# iPod touch 5 et Siri qui s'allume tout le temps



## Myté (5 Décembre 2016)

Bonjour,
Ma fille a un iPod touch 5 (reconditionné chez Apple) depuis nov 2015. J'ai retourné cet iPod avant la fin de la garantie car Siri se met en marche tout le temps, le bouton Home ne fonctionnait plus aussi. Ils me l'on renvoyé en notifiant que les techniciens n'ont pas vu de problème. L'iPod a été réinitialisé, il a bien fonctionné quelque jours puis c'est reparti, insupportable d'entendre Siri s'activer. Même si je le désactive, le contrôle vocal prend le relais [emoji35]Merci pour votre aide !


----------



## Lierpok (5 Décembre 2016)

Bonjour,
Siri s'active tout seul?
Réglages / Siri / désactiver "autorisé Dis Siri"


----------



## choubri (5 Décembre 2016)

Lors du rapport envoyé à Apple pour la prise en charge, il faut préciser que le problème survient aléatoirement mais de façon récurrente. Je m'étais fait avoir une fois aussi à l'époque (iPod renvoyé mais le technicien n'avait rien trouvé de concluant donc renvoyé tel quel).
À la réception, vu que le problème était toujours présent, je les ai contacté par téléphone et on m'a dit de préciser "aléatoirement" dans la description du problème


----------



## Lierpok (5 Décembre 2016)

Siri s'allume sans toucher le téléphone? 

Utilisez vous des écouteurs (avec les commandes sur le fils) ? Dans quel cas il est possible d'activer Siri comme avec le bouton home en restant appuyé dessus par inadvertance.

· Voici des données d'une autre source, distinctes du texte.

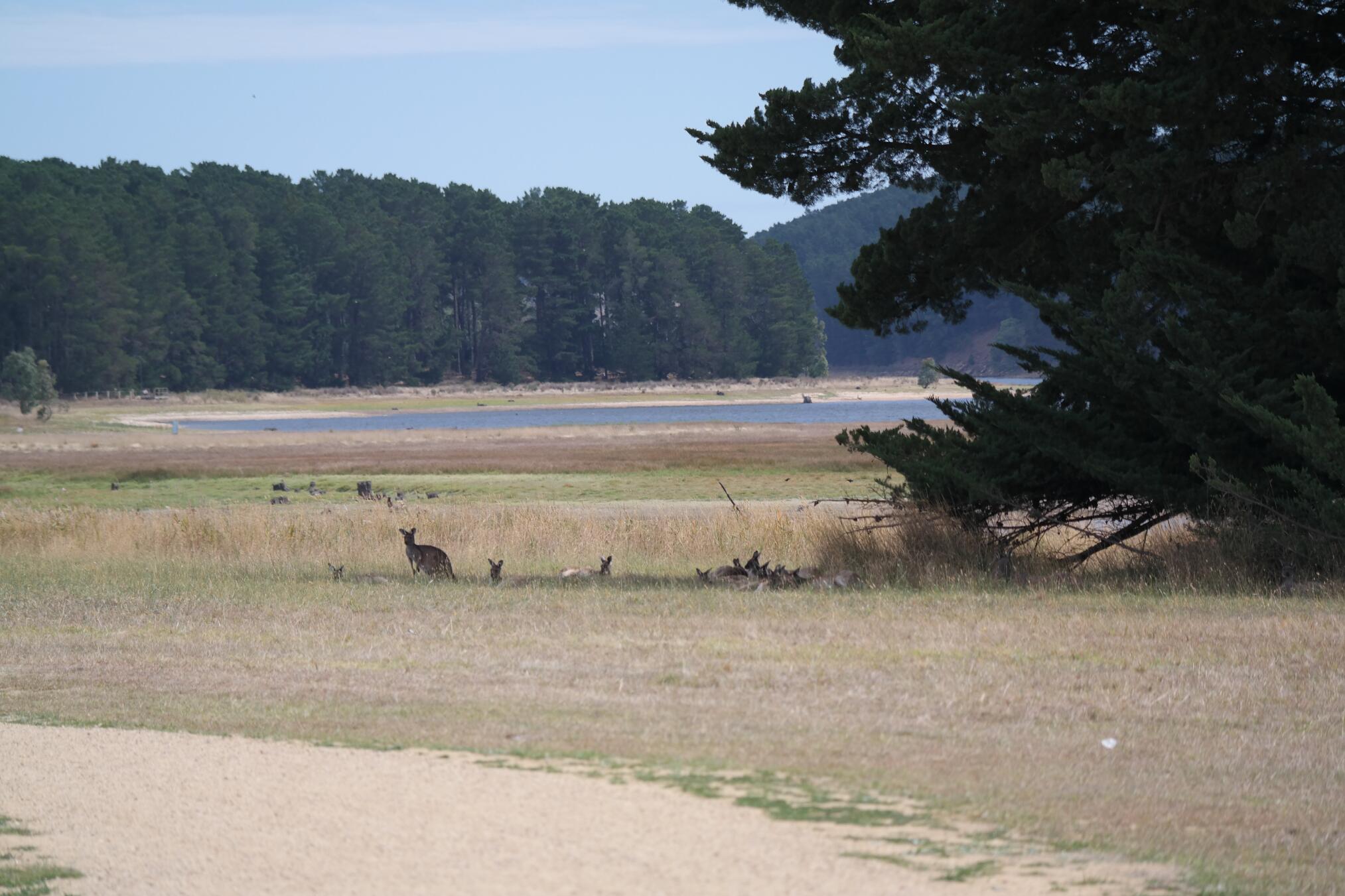 Von unserem Lunchspot aus erspähen wir endlich die ersten Kängurus! Sie liegen im Schatten eines großen Baumes und direkt daneben führt ein Trail entlang. Den wollen wir gestärkt nach dem Mittagessen angehen, aber der Weg ist wegen Corona gesperrt … Warum?!
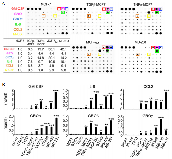 宋尔卫教授课题组通过乳腺癌细胞株和人原代巨噬细胞共培养模型,发现发生EMT的乳腺癌细胞(间充质样肿瘤细胞)比未发生EMT的乳腺癌细胞(上皮样肿瘤细胞)更具有激活巨噬细胞成为TAMs的能力。作者应用RayBio Human Cytokine Antibody Array检测发生EMT和未发生EMT的乳腺癌细胞培养上清液,结果显示GM-CSF,IL-8,CCL2,GRO,GRO和GRO在发生EMT的乳腺癌细胞样本中表达水平显著升高,进一步验证发现只有GM-CSF在乳酸的协同作用下能够激活巨噬细胞转化为TAMs。
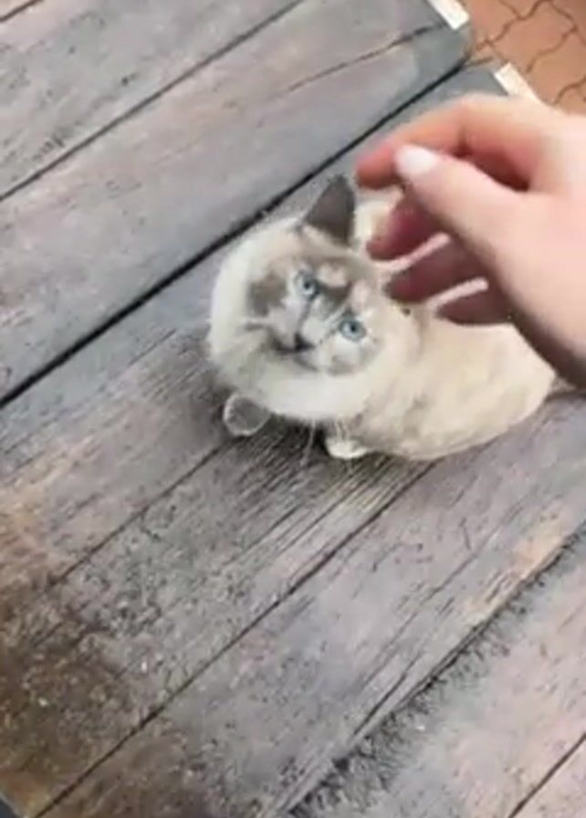 A video shows a light-colored cat with dark markings on a weathered wooden surface
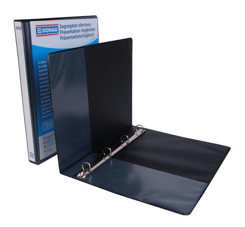 Gyűrűs könyv, panorámás, 4 gyűrű, D alakú, 44 mm, A4, PP, DONAU, fekete
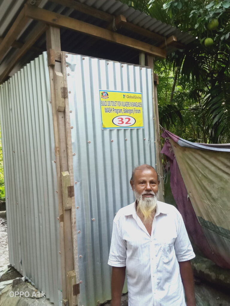 b. Toilet Provided to the Beneficiaries 52 nos. World bank designed sanitary Latrine for  03 Madrasa,03 Local Mosque & 46 Families.Accordingly 375 Persons of Male, female,olders,Childrens & Disable people using sanitary Latrinrine in these community of Bakergonj upazila under Barisal District.
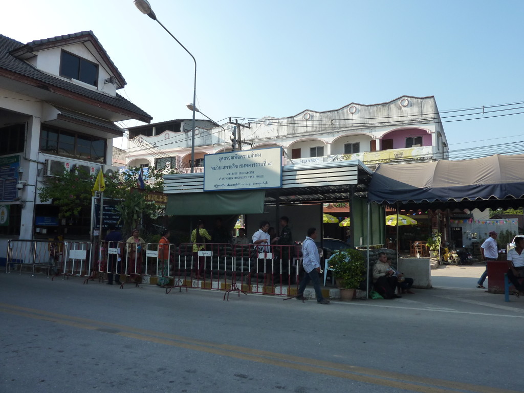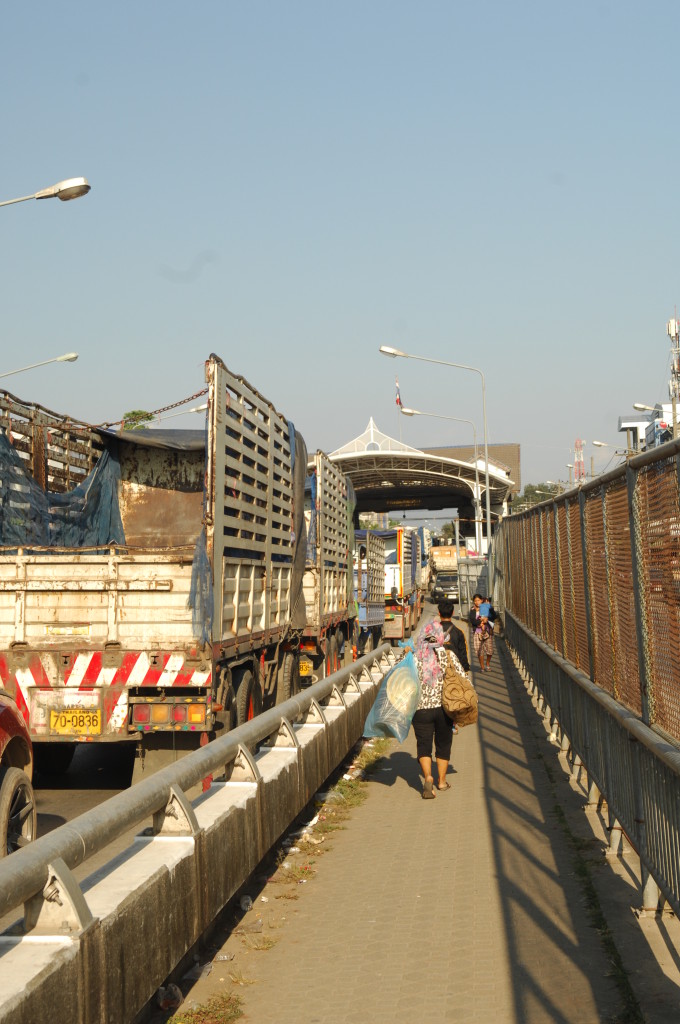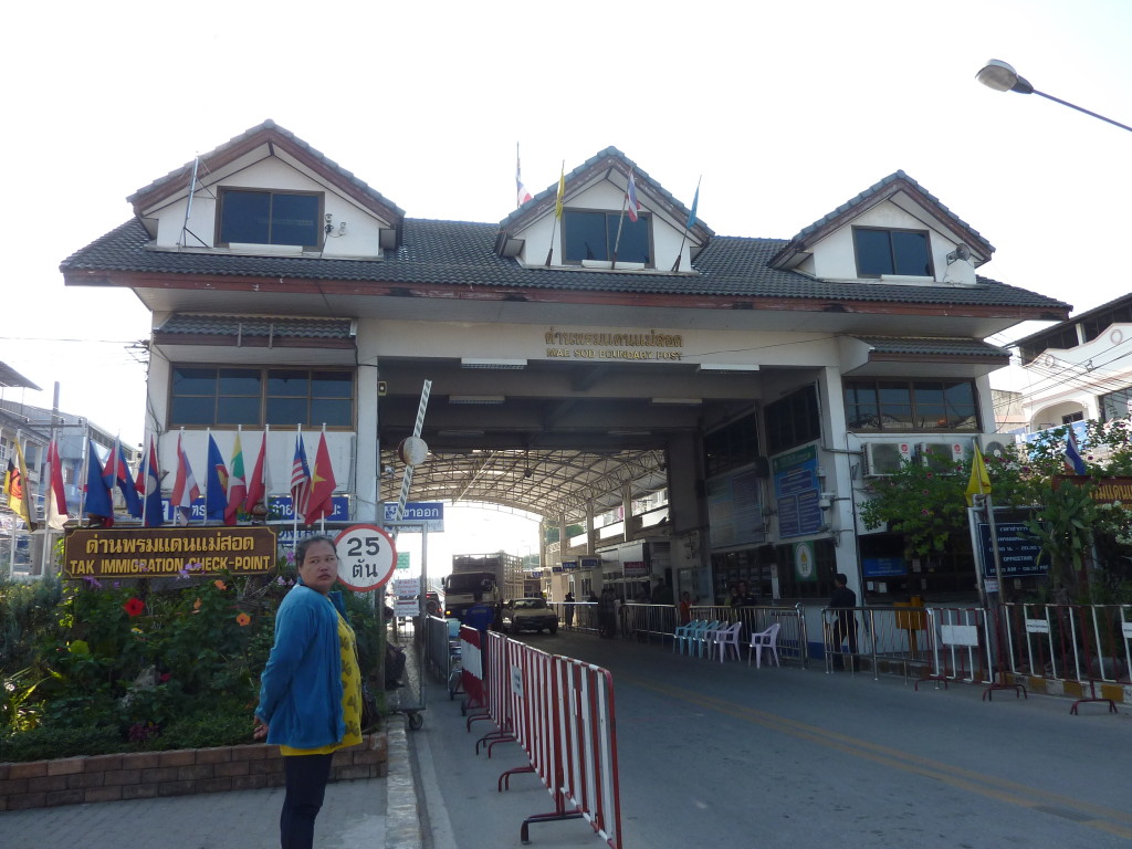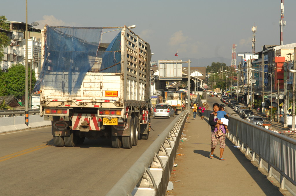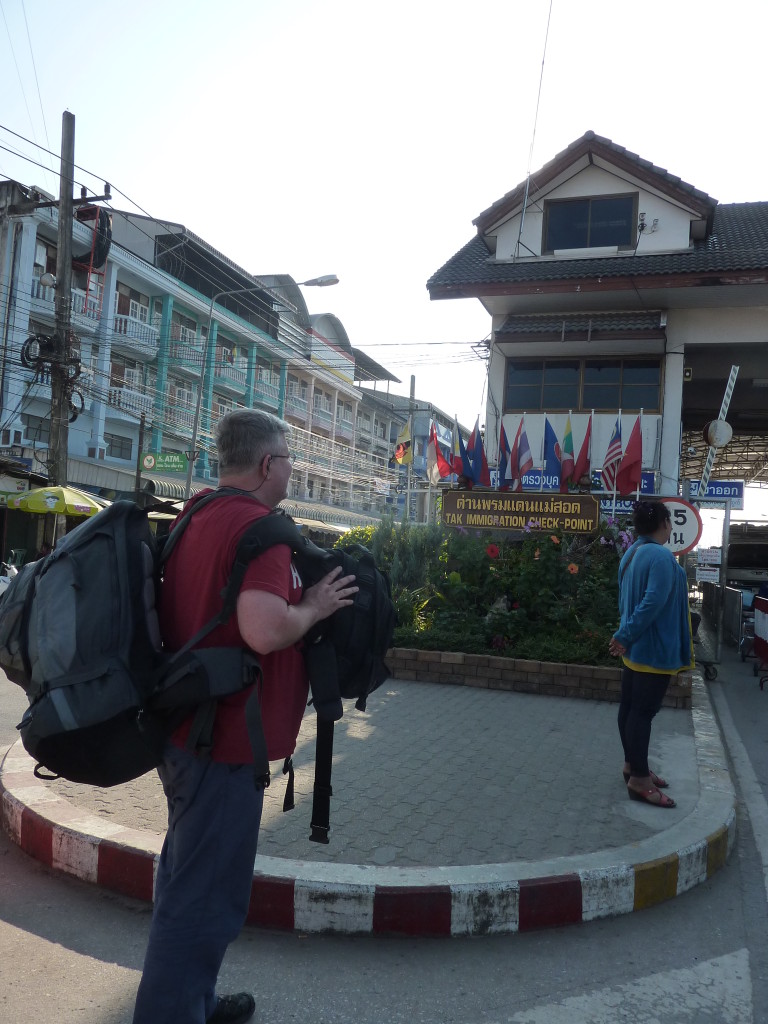 So einfach hatten wir es uns dann doch nicht vorgestellt. Am Busbahnhof müssen wir zwar zunächst noch 2 Stunden warten, weil der im Internet angekündigte stündliche Bus erst um zehn vor 12 Uhr planmäßig abfährt. Doch dann geht es Schlag auf Schlag: Mit dem Bus von Sukhothai in die Provinzhauptstadt Tak und dort ohne weiteren Aufenthalt gleich weiter mit einem Mini-Van zur thailändischen Grenzstadt Mae Sot. Der Kleinbus entlässt uns am Rand eines verwaisten Fleischmarkts, von Sammeltaxis oder Tuk Tuks für den Transport zur Grenze erstmal keine Spur. Diese wären jetzt an einem anderen Markt, 2-3 Blocks entfernt zu finden. Also Rücksäcke auf die Schultern und ab durch die Hitze.
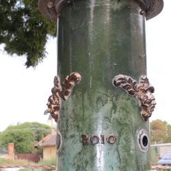 Az alsó rész külső hátsó részén egy ismertető táblán olvashatjuk az adományozók, és az alkotók névsorát, a készítés évét. Két kisebb, kék jelvény-szerű domborművön az iskola címere és az alkotói szignó látható, alul szintén két alkotó szignója a kerámiába égetve olvasható.
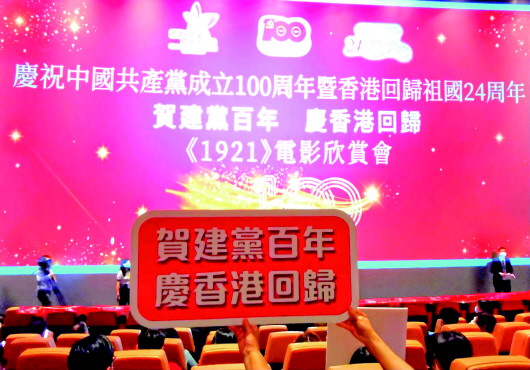 7月1日,建党百年的大日子和香港回归祖国24周年的好日子赶在了一起。热烈喜庆的气氛中,建党100周年献礼影片《1921》在香港多家影院首映,不少团体抢先包场,先睹为快。

Dans la situation où Siri se met en route tout seul (sans contact avec l'iPod), "Autorisé dis Siri" est-il activité ?


----------



## Myté (5 Décembre 2016)

Lorsque j'éteins l'appareil (bouton du haut) et le rallume, le bouton home marche bien et après quelques instants, ce bouton ne fonctionne plus et Siri se met en marche tout le temps. J'ai désactivé Siri et c'est le contrôle vocal qui prend le relais. C'est infernal [emoji35] Sinon ma fille n'utilise pas d'écouteurs à commande sur le fil.


----------



## Myté (5 Décembre 2016)

Par contre, j'ai un soucis, je ne retrouve plus le bouton Siri dans les réglages [emoji15]


----------



## Myté (7 Décembre 2016)

Je reviens vers vous, personne ne peut m'aider ?


----------